One type of alternator for converting mechanical energy to electrical energy in today's vehicles includes a Lundel style rotor. Typically, the Lundel rotor includes two iron claw poles, a field coil winding wrapped onto a plastic bobbin and a shaft extending through the poles and field coil. The rotor is positioned concentrically with a stator. In operation the alternator produces an electrical output through the rotation of the rotor (acting as an electromagnet) relative to the stator. More specifically, an electrical current is induced in a stator winding by a change in the magnetic flux field present between the stator and the rotor.
One well known challenge with the Lundel rotor design is to create a durable method for routing the start and end leads of the field coil. More specifically, the integrity of the attachment of the field coil leads is compromised at high alternator speeds, such as speeds greater than 25000 rpms.

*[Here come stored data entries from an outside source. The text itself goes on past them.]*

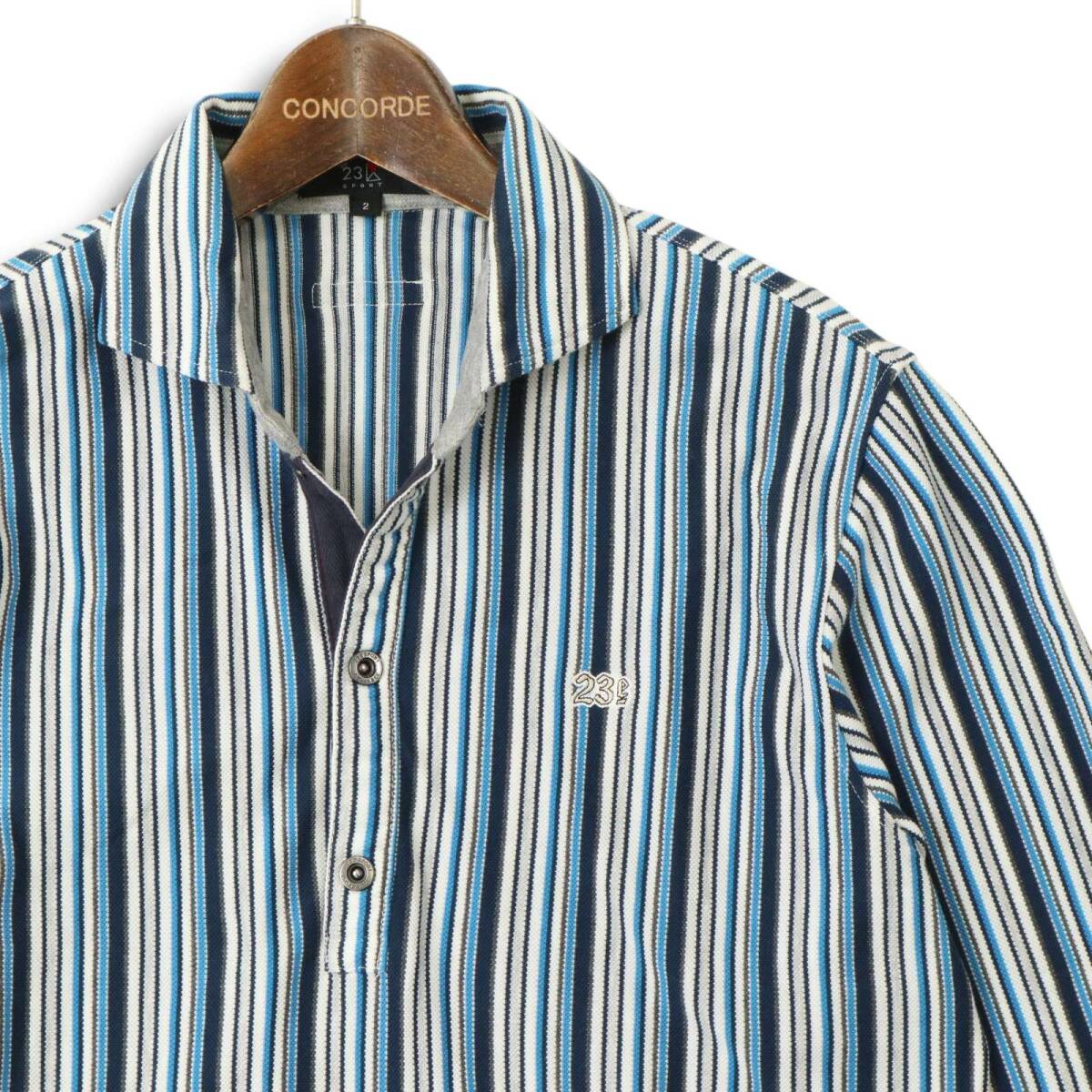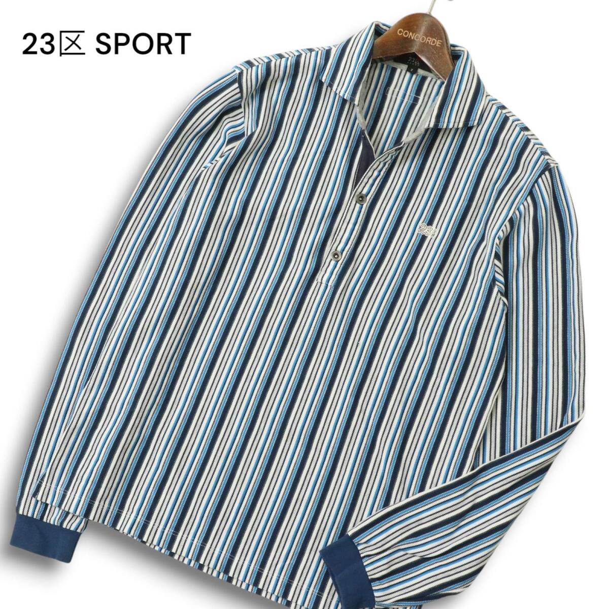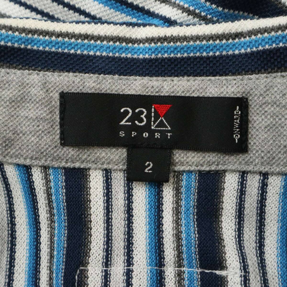 23区 SPORT スポーツ 通年 ロゴ★ 長袖 ストライプ ポロシャツ Sz.2 メンズ ゴルフ
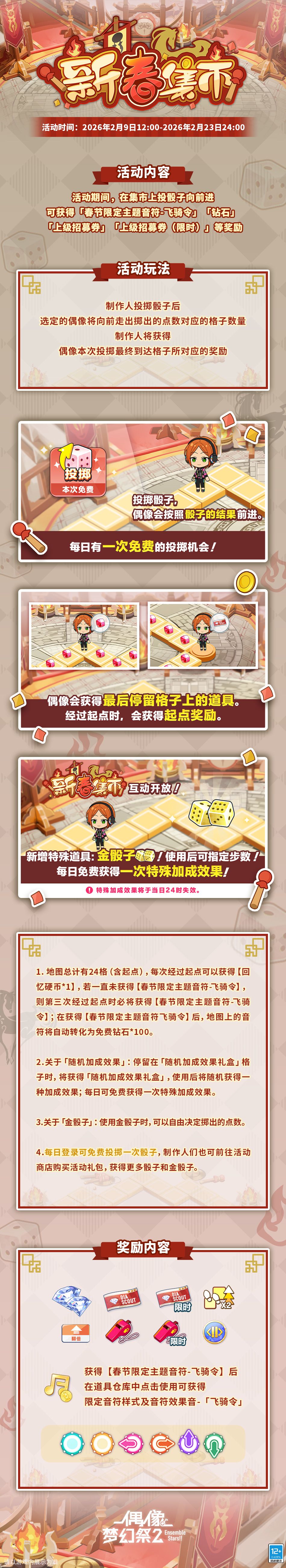 ▶地图总计有24格(含起点),每次经过起点可以获得【回忆硬币*1】,若一直未获得【春节限定主题音符-飞骑令】,则第三次经过起点时必将获得【春节限定主题音符-飞骑令】;在获得【春节限定主题音符-飞骑令】后,地图上的音符将自动转化为免费钻石*100。
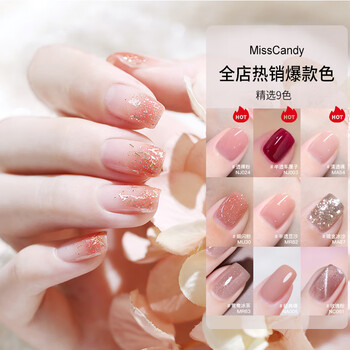 Miss Candy显白15ml指甲油免烤快干可撕拉春夏半透亮片美甲 西柚沙冰NO030
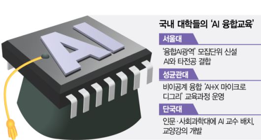 다른 대학에서도 학문 간 경계를 허무는 AI 융합 교육이 활발히 이뤄지는 분위기다. 단국대는 지난해부터 17개 단과대에 AI 전공 교수를 배치하고 필수 AI 강의를 도입했다. △경영·경제 분야 AI 활용 입문 △AI를 활용한 스포츠 코칭 등 각 단과대 특성에 맞는 교과목을 개발해 운영 중이다. 성균관대 역시 2022년부터 문과대·사범대 등 비이공계 단과대가 참여하는 ‘AI+X 마이크로디그리’를 시행하고 있다. AI경제학·AI예술과 같은 융합 과정을 개설해 일정 학점 이상을 이수한 학생에게는 인증서를 발급하는 식이다.
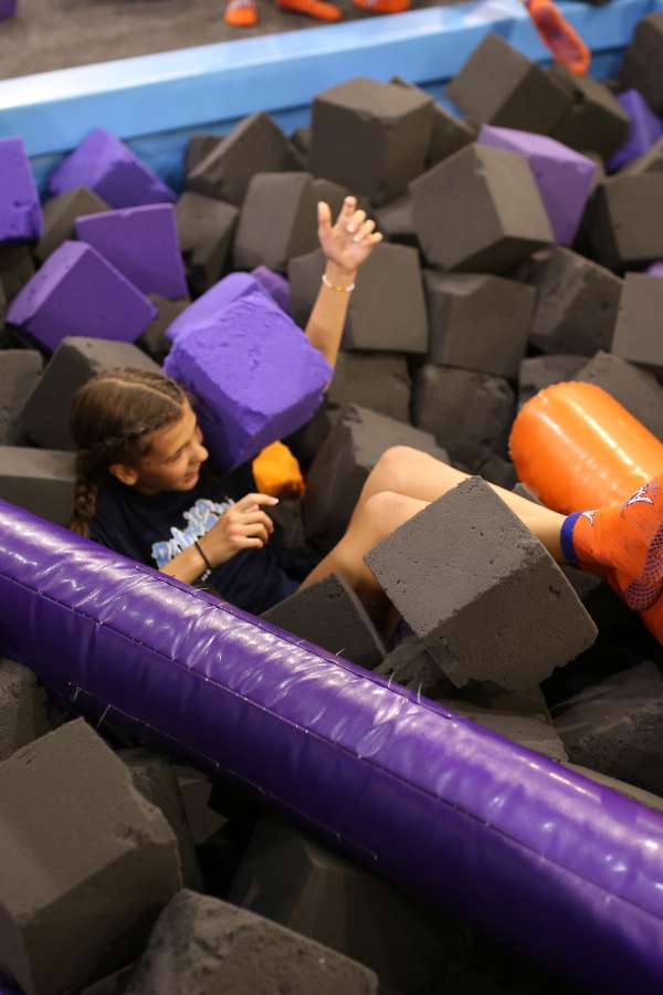El foso de foam es una zona acolchada llena de cubos de espuma donde puedes:
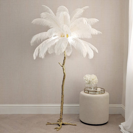 Angelina Premium Cream & Gold Feather Floor Lamp

While prior art methods for creating field coil lead routings have achieved their intended purpose and perform adequately at lower rpms (20,000 rpm) current routing schemes may not perform adequately at higher rpms. For example, one method requires the use of heat stakes in combination with epoxy and in combination with fan geometry or addition of slip ring geometry to contain the field coil leads. Unfortunately, this method requires excessive packaging space and doesn't provide adequate field coil lead retention at high rotor speeds.
Given that recent trends in the automotive industry have been to increase maximum engine speed requiring improved alternator maximum speed capability, a need exists for an improved alternator rotor which provides enhanced field coil lead retention. This need is further intensified by the additional requirements for increased power which have led to smaller alternator pulleys thus, further increasing the speed of the machine.